用第一步目前的Python API实现，第二步把一堆python文件合成一个，第三步确定Python API究竟是啥样的。

wangkuiyi · 2016-12-20T16:38:29Z

demo/mnist/api_train.py

+    m.start()
+
+    for _ in xrange(100):
+        updater.startPass()


通常startXXX要有对应的endXXX。比如 https://golang.org/pkg/os/exec/#Cmd.Start 有对应的 https://golang.org/pkg/os/exec/#Cmd.Wait。如果意思是“做且做完”，可以叫 run_one_pass，比如 https://golang.org/pkg/os/exec/#Cmd.Run

恩，之前的code开发了一半，发现其他的一些问题，然后交另一个PR了。。

这个后面的code补上了。

wangkuiyi · 2016-12-20T16:40:00Z

demo/mnist/api_train.py

+    updater = api.ParameterUpdater.createLocalUpdater(opt_config)
+    assert isinstance(updater, api.ParameterUpdater)
+    updater.init(m)
+    m.start()


start得有一个宾语。如果是method，有时候class就是宾语，也有时候得明确指定宾语。比如

class BashCommand { public: void Run(); // Run the bash command. void SetStderrPipe(Pipe* p); // Set is the predicate, Pipe is the subject. }

这里比较诡异的是m的类型是GradientMachine，如果method叫 start，我不明白是 "start computing gradient” 还是 "start machine”。根据下文看，貌似是 start_training，那么最好的安排貌似是m的类型起名叫做 Trainer 且method name是 start，这样就成了 start trainer 的意思了。

好，不过用户态的代码应该不这样。。可能类似于

with gradient_machine.enter_training():
gradient_machine.forwardBackward这样。

wangkuiyi · 2016-12-20T16:44:31Z

demo/mnist/api_train.py

+    assert isinstance(m, api.GradientMachine)
+    init_parameter(network=m)
+
+    updater = api.ParameterUpdater.createLocalUpdater(opt_config)


我不常用Python，所以我去看了一下各种style guide里关于naming的描述。以下style guide都要求function names和method names都是 function_name的形式，而不是 createLocalUpdater 的形式。

PEP style guide

Google style guide

Python.net

如果我们的API要被Python社区接受，我估计得是Python style的吧。
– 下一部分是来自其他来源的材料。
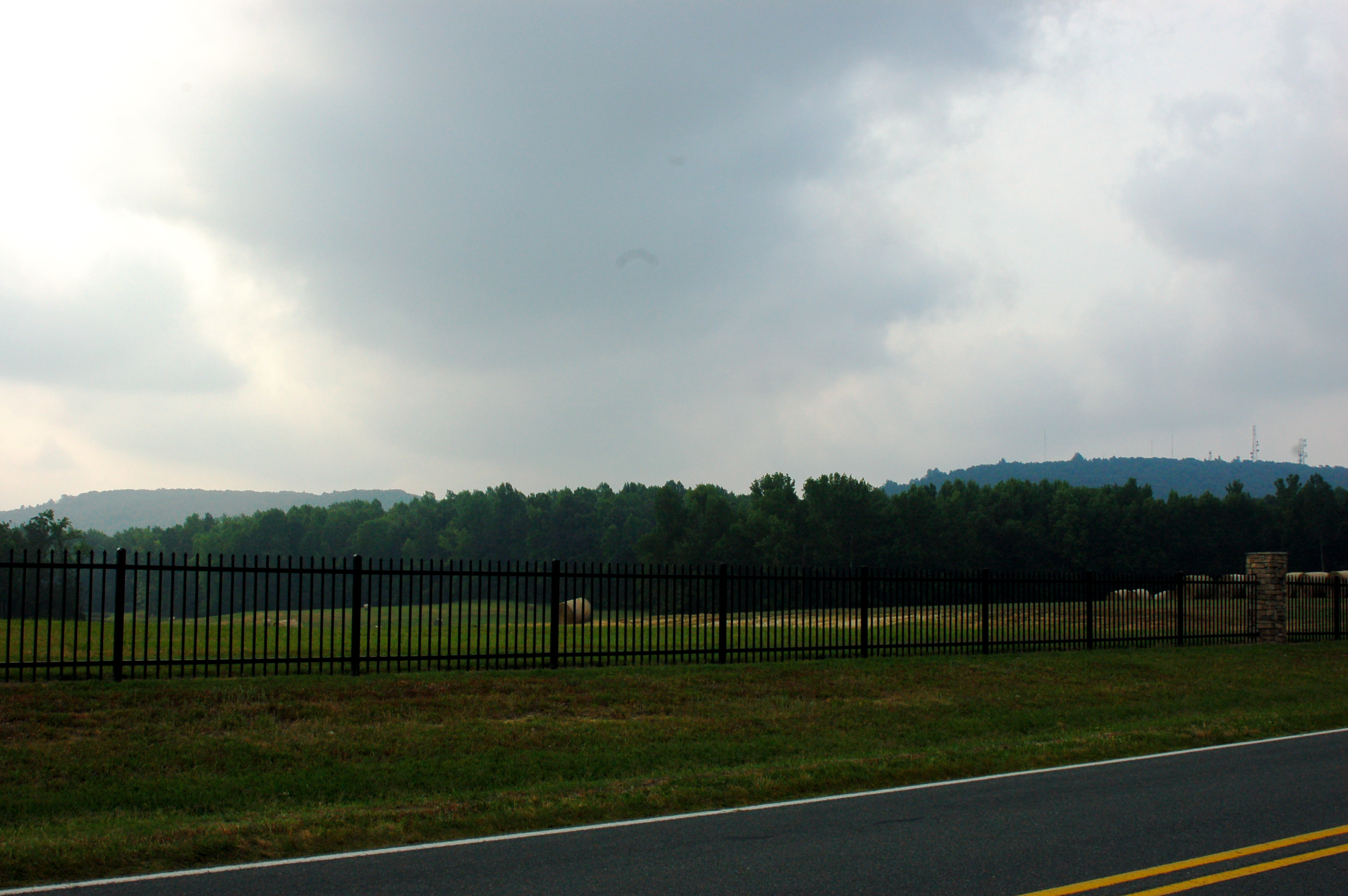 Picture of Cane Creek and Bass Mountains, located in southern Alamance County, North Carolina, USA.

ParameterUpdater和createLocalUpdater是直接从cpp中用swig expose出来的结构和方法，所以是cpp中的命名规范。我理解这些都不是直接暴露给用户的，而是经过我们封装一下，统一成python style。

是的，不过这就是swig api的悲剧点之一了。

这个名字直接从C++的头文件PaddleAPI.h自动化翻译过来的，没有办法自定义。

如果是C-API会好很多。

wangkuiyi · 2016-12-20T16:46:09Z

demo/mnist/api_train.py

+    for _ in xrange(100):
+        updater.startPass()
+
+    m.finish()


m.complete_training

另外，finish和complete的区别是“完蛋”和“完美”的区别，比如：

If you married a wrong woman, you are finished.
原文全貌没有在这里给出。